Wednesday 10 June 2009

SLOW PROGRESS


See that grey splodge at the top left corner? I had an accident...ink water spillage!
Taking advantage of the nice weather last week I took my drawing outside and crouched over (and sat upon) it on the grass in our back garden. I ended up pretty stiff and achy but at least I managed a little progress. At the same time I've been working on a smaller drawing (I'll post progress on this later), combining 2 drawing interests of mine, trees and running water. Dark running water to be exact. One of the pictures I am exhibting at the RBSA at the moment is called 'Dark water, Cumbria'. Something about dark water is intoxicating to me. Maybe I have a Narcissus complex? Maybe it just reminds me of the way my imagination works.

I have fresh dreams at the moment too, returning to my old obsession (nothing has come of it yet) of combining my visual and literary work. I have an idea of drawing a tree and hanging Haiku from its branches. I may even get round to doing it some day. But despite the pain my big drawing of a Scottish graffiti tree is causing me, I still haven't let go of my desire to make a REALLY BIG drawing. The other day as I was walking back into the house, the white painted wall (it's actually the external wall of our house, but internal to our verandah) cried out to me to have a long, lithe sheet of paper hung on it, tall as myself, taller even. A tree perhaps? Or maybe a waterfall? Dark water again, with trees dipping their moss covered toes into it? Whatever (if ever) I decide to draw, I'll have to get my hands on some new drawing tools, maybe I could make my own?
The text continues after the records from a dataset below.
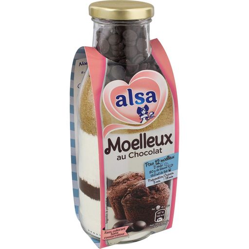 Avec Alsa®, l’amour ça se voit ! Découvrez les bouteilles en verre Alsa® et leurs savoureux ingrédients, qui vous permettront de réaliser en un rien de temps vos fondants au chocolat, muffins, cookies, financiers et moelleux au chocolat ! La saga Alsa® commence en 1896, lorsqu’un jeune Français, apprenti boulanger à Vienne, découvre l’utilisation de la levure chimique pour faire gonfler les brioches. De retour en France, il commence à fabriquer cette levure chimique dans son petit sachet rose et fonde la société Alsa®. Au cours des années, la gamme s’agrandit en proposant des préparations pour gâteaux et desserts : moelleux nature, brownie, gâteau marbré, flan entremets au bon goût caramel, fondant au chocolat, petits pots de crème à la vanille bourbon, flan pâtissier, gateau aux amandes, cake au citron, cookies, crumble, muffin et bien plus encore ! Chez Alsa®, nous voulons faire rimer la pâtisserie, le plaisir et la gourmandise et ne laisser que le meilleur à nos consommateurs : la joie et la fierté de finaliser leurs desserts. Alsa® est le partenaire idéal de vos desserts au quotidien et de vos moments festifs. Avec notre large gamme d’aides à la pâtisserie et de desserts à préparer, débutants comme confirmés peuvent créer un moment de partage et de plaisir gourmand en famille ou entre amis. Préparation pour Moelleux au Chocolat
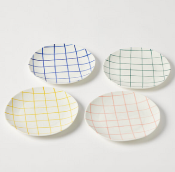 Hand-painted with bold brushstroke check patterns in blue, green, pink and yellow, these New Bone China plates bring expressive style to modern dining.
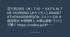OTOKOTIMES @OtokoTimes1988 – 22:17・2024年11月27日 2024 11/27 2024-11-27 ⏰ 11月28日(木)7:15 〜 KAT’S IN THE MORNING (#カツモニ) #NARITATHOMASSIMPSON コメントOA #成田昭次 #寺岡呼人 #青山英樹 📻ラジコで聞く https://radiko.jp/#!/ts/NORTHWAVE/20241128071500 Source:https://x.com/OtokoTimes1988/status/18617613233... text X Post この記事が気に入ったら フォローしてね! Follow @OtokoTimes1988 よかったらシェアしてね! URLをコピーしました! 東京レコード @tokyo_records - 18:01・2024年11月27日 2024.11.28 - KAI☆CHOO @ STAFF BLOG(AddicTripS)
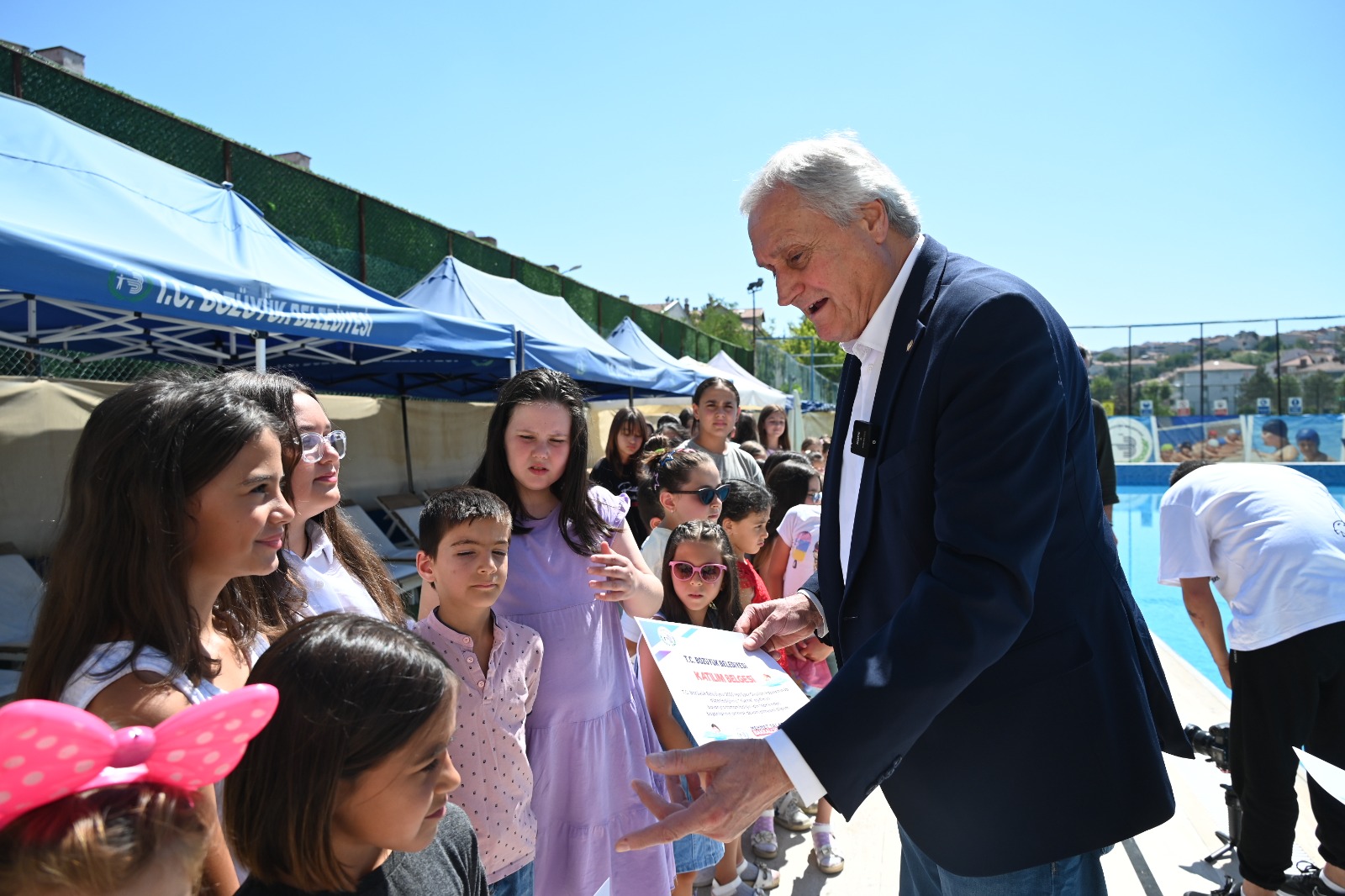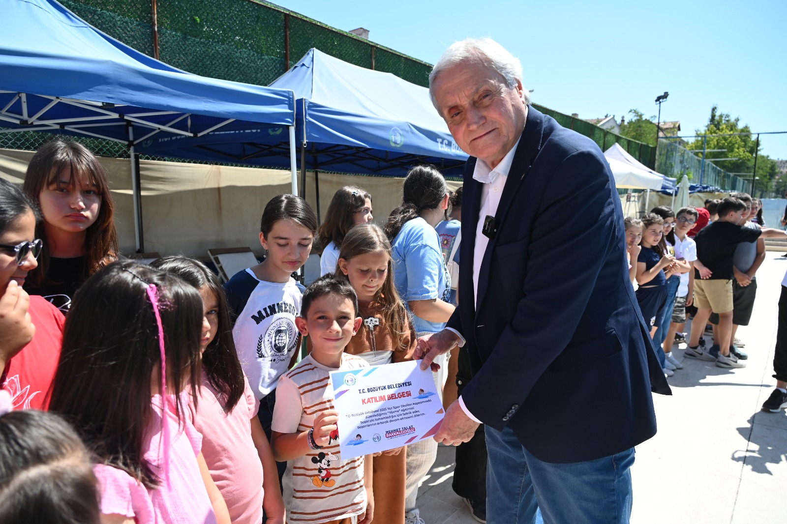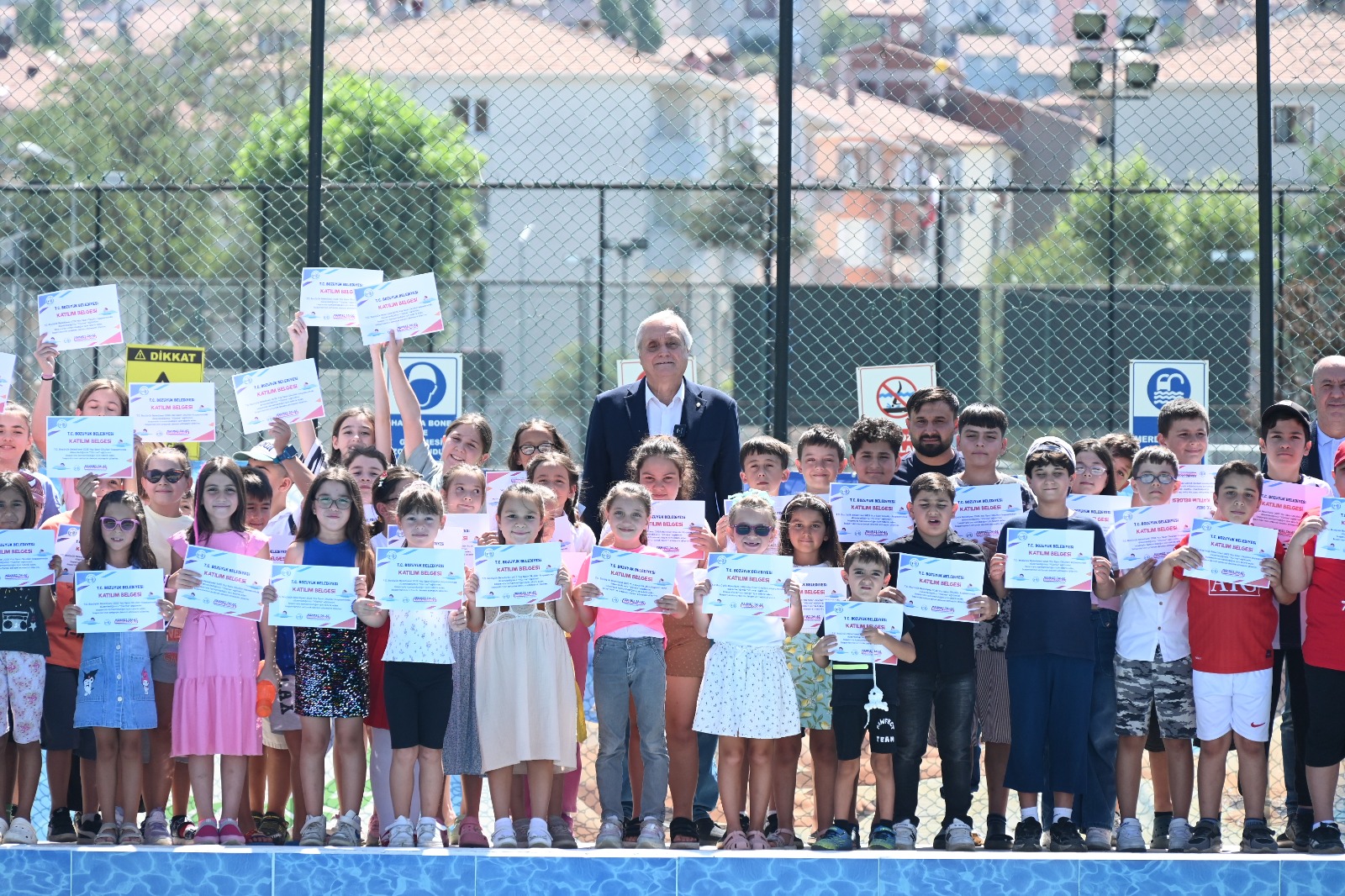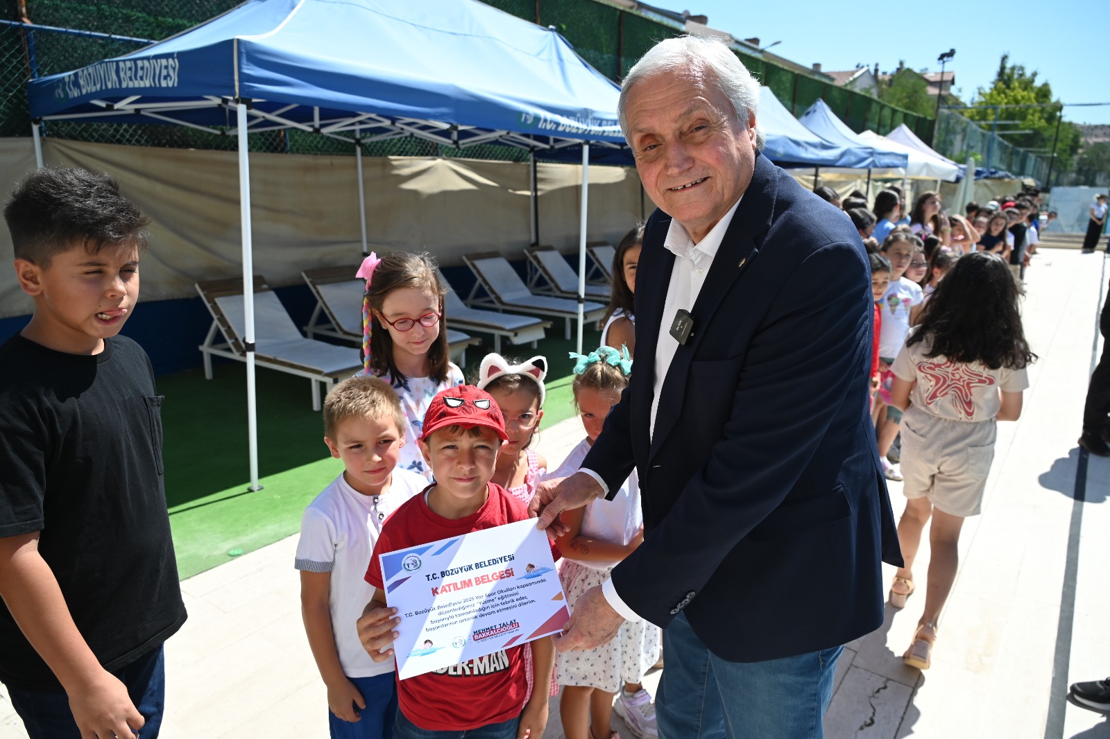 Bozüyük Belediyesi Yaz Spor Okulları yüzme kursunu başarı ile tamamlayan öğrenciler katılım belgelerini Bozüyük Belediye Başkanı Mehmet Talat Bakkalcıoğlu’nun elinden aldı.

I used to really admire Van Gogh's ink drawings, Van Gogh used a reed pen, and then there are a whole list of things you could improvise with, so I've read. Van Gogh's drawings, which I saw many years ago in the Van Gogh Museum, Amsterdam, were not small either!


I've been exploring Flickr lately, there is just so much wonderful art on there, though like much that is on-line, just surfing is time consuming. I particularly like the work of Paul Heaston, his street scenes are just crammed with detail, wonderful pen and ink work. Paul's work also appears on Urban Sketchers a fantastic site, where artists submit their drawings of urban scenes. I wish I had the courage to stand out in the street and draw (though I must admit, I don't find my actual surroundnigs very inspiring), I did it years ago, when I was a student, and always found it nerve wracking. Now my nerves are even less robust, I don't know if I could actually get out there and do it. I prefer the sanctity and safety of my own 4 walls. Maybe I could try drawing from a window? But I don't know if my heart would be in it. My heart is deep in the woods, with the light bleeding down through the leaves, the earth smells pungent and damp, cool in the shade despite the sun's heat, and even the lightest, least significant movement of a bird or a squirrel makes a resounding crack or rustle as the little thing scampers through the undergrowth.

It's may not be my immediate reality, but it's still out there, and it's in here too. Stored, cherished, a part of me.